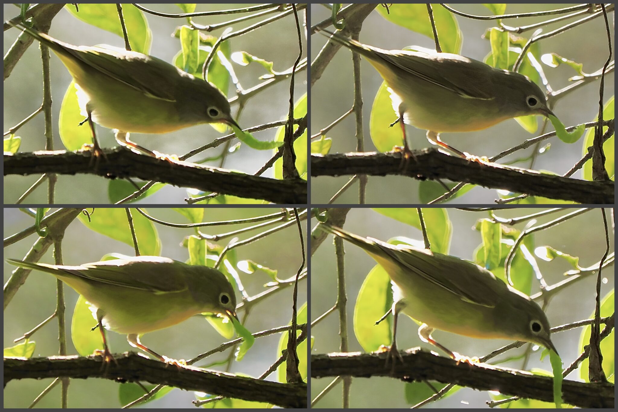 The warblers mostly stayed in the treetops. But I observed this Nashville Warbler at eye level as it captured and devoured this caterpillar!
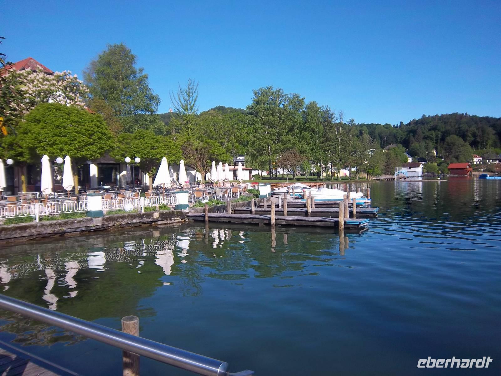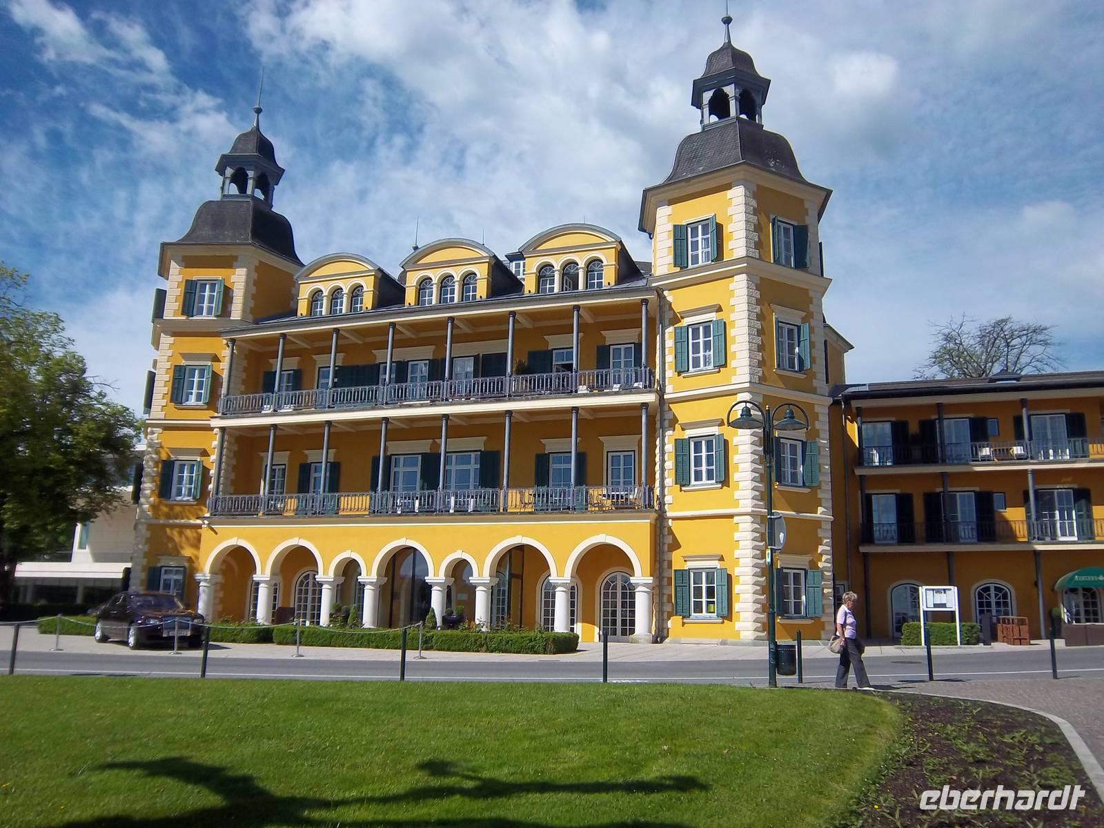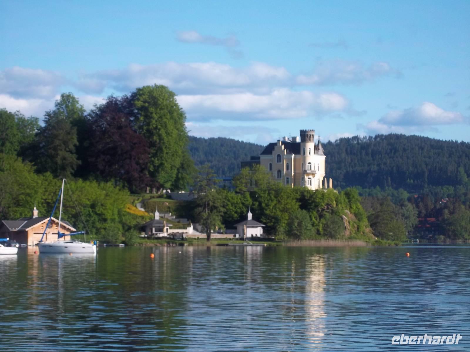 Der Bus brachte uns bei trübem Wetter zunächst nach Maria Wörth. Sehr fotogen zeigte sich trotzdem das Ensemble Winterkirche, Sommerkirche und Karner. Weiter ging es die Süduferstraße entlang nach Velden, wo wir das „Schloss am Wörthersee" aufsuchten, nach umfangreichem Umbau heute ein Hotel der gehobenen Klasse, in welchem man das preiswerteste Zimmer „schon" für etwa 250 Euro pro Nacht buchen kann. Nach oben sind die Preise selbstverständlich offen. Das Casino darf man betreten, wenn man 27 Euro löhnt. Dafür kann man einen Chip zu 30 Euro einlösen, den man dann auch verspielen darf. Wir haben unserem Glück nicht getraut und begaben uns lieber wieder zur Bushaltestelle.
---
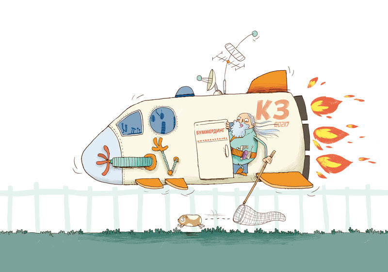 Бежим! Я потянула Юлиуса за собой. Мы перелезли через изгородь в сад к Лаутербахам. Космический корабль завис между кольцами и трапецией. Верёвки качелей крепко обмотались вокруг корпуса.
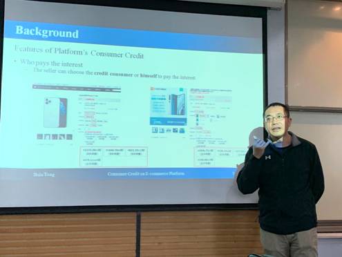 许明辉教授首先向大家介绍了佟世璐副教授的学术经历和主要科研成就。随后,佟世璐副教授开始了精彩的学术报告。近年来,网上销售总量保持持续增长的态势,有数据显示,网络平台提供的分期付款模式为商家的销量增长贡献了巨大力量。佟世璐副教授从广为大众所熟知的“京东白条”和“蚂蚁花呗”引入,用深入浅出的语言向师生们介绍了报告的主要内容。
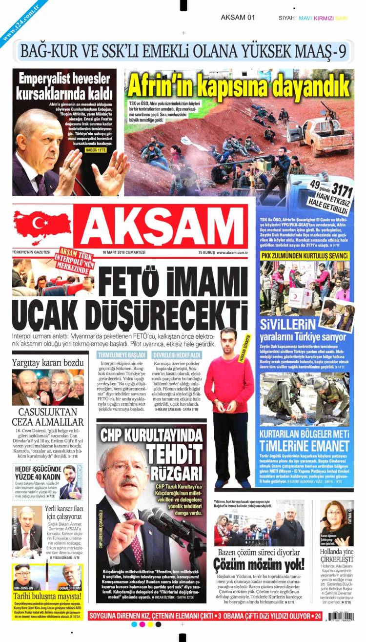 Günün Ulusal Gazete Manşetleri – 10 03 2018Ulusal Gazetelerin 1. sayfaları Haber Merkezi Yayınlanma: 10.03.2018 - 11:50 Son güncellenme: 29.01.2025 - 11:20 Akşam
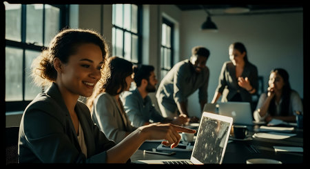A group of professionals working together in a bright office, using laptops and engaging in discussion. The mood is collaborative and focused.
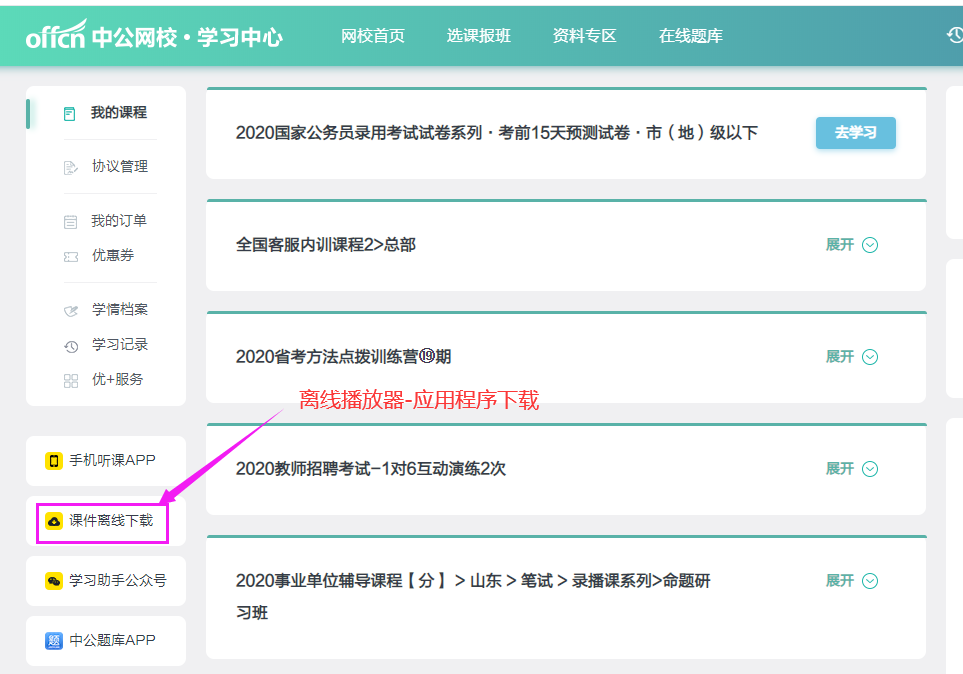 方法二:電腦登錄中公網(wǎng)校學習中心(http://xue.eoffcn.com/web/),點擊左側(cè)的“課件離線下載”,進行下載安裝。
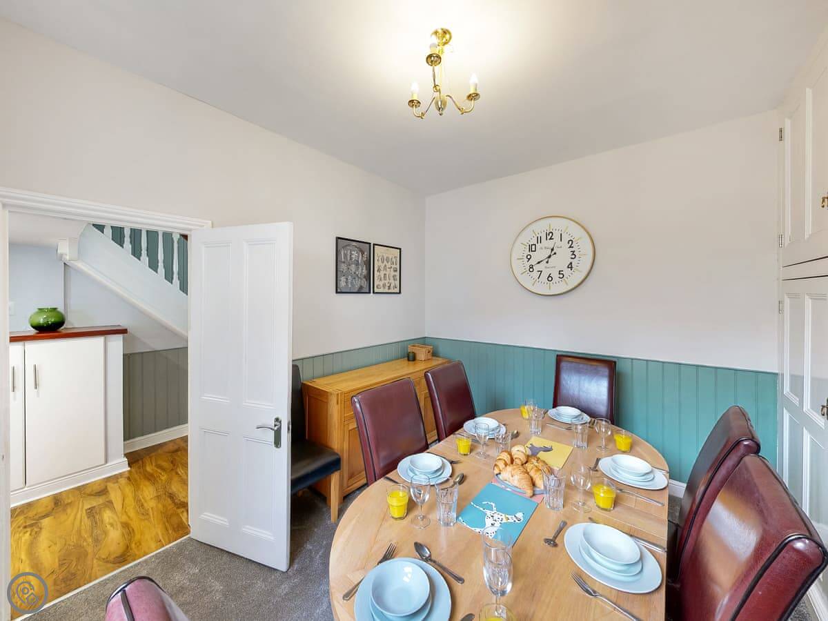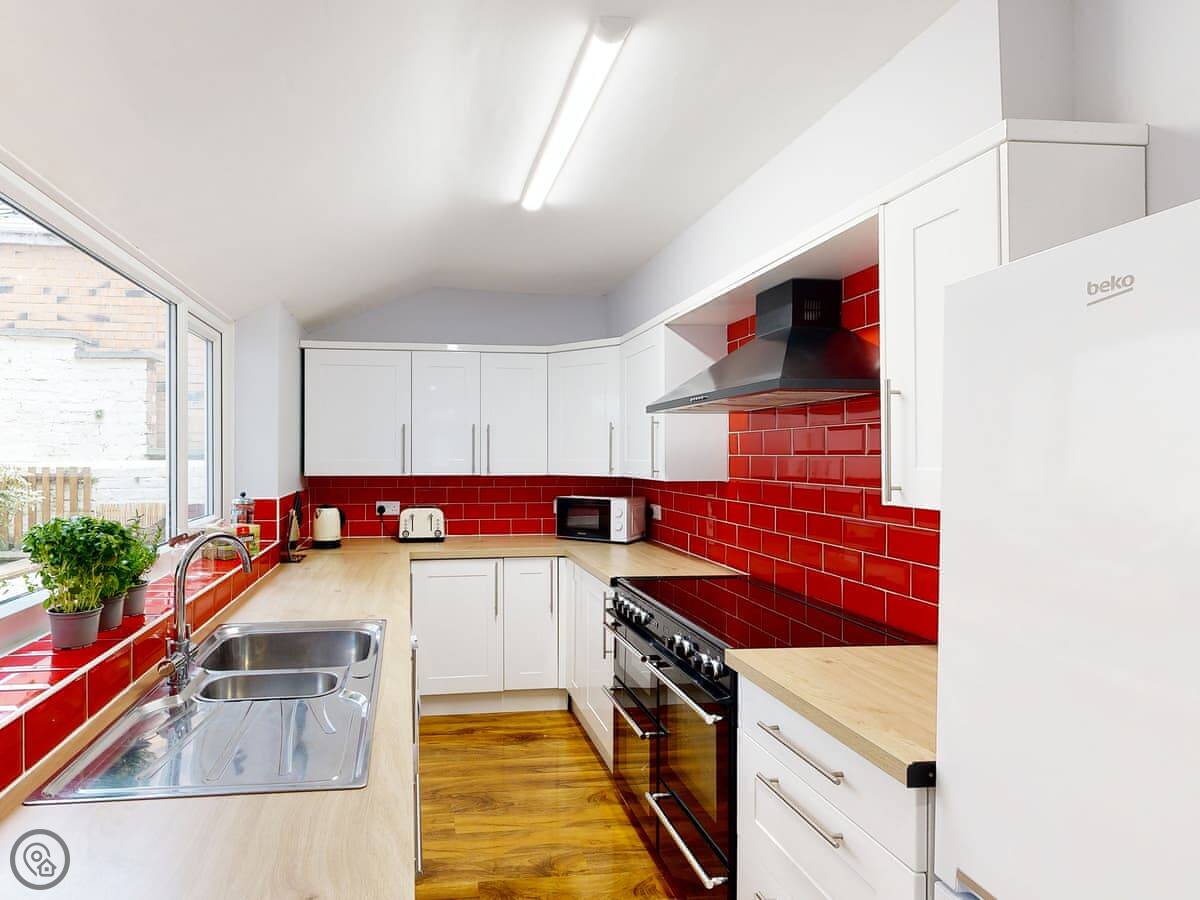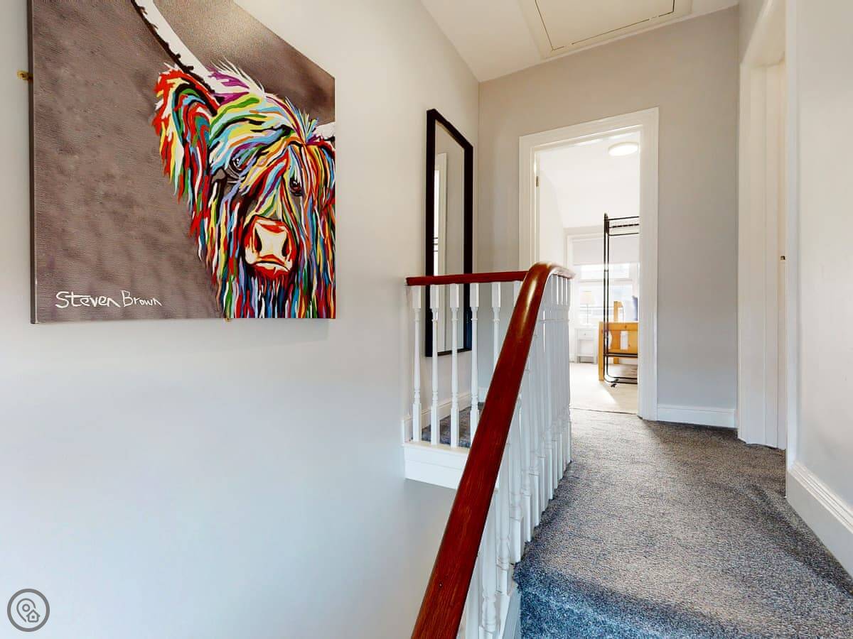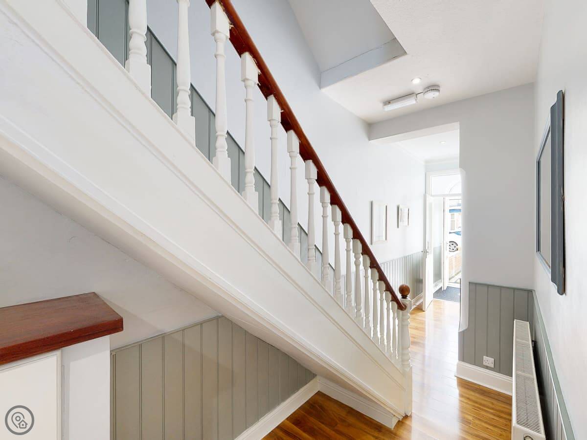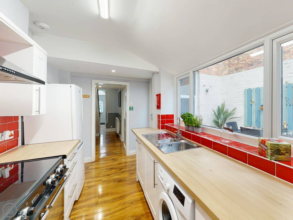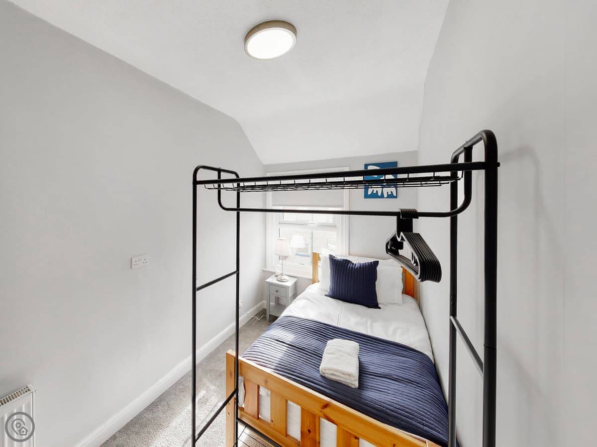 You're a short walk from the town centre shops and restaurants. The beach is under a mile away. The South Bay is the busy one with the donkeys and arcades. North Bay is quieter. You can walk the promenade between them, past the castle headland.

Exercise: Everything above from the line with "许明辉教授首先向大家介绍了佟" through the line with "You're a short" should be retyped exactly, and nothing else; omit pictures.

Result of this exercise:
 许明辉教授首先向大家介绍了佟世璐副教授的学术经历和主要科研成就。随后,佟世璐副教授开始了精彩的学术报告。近年来,网上销售总量保持持续增长的态势,有数据显示,网络平台提供的分期付款模式为商家的销量增长贡献了巨大力量。佟世璐副教授从广为大众所熟知的“京东白条”和“蚂蚁花呗”引入,用深入浅出的语言向师生们介绍了报告的主要内容。
 Günün Ulusal Gazete Manşetleri – 10 03 2018Ulusal Gazetelerin 1. sayfaları Haber Merkezi Yayınlanma: 10.03.2018 - 11:50 Son güncellenme: 29.01.2025 - 11:20 Akşam
A group of professionals working together in a bright office, using laptops and engaging in discussion. The mood is collaborative and focused.
 方法二:電腦登錄中公網(wǎng)校學習中心(http://xue.eoffcn.com/web/),點擊左側(cè)的“課件離線下載”,進行下載安裝。
 You're a short walk from the town centre shops and restaurants. The beach is under a mile away. The South Bay is the busy one with the donkeys and arcades. North Bay is quieter. You can walk the promenade between them, past the castle headland.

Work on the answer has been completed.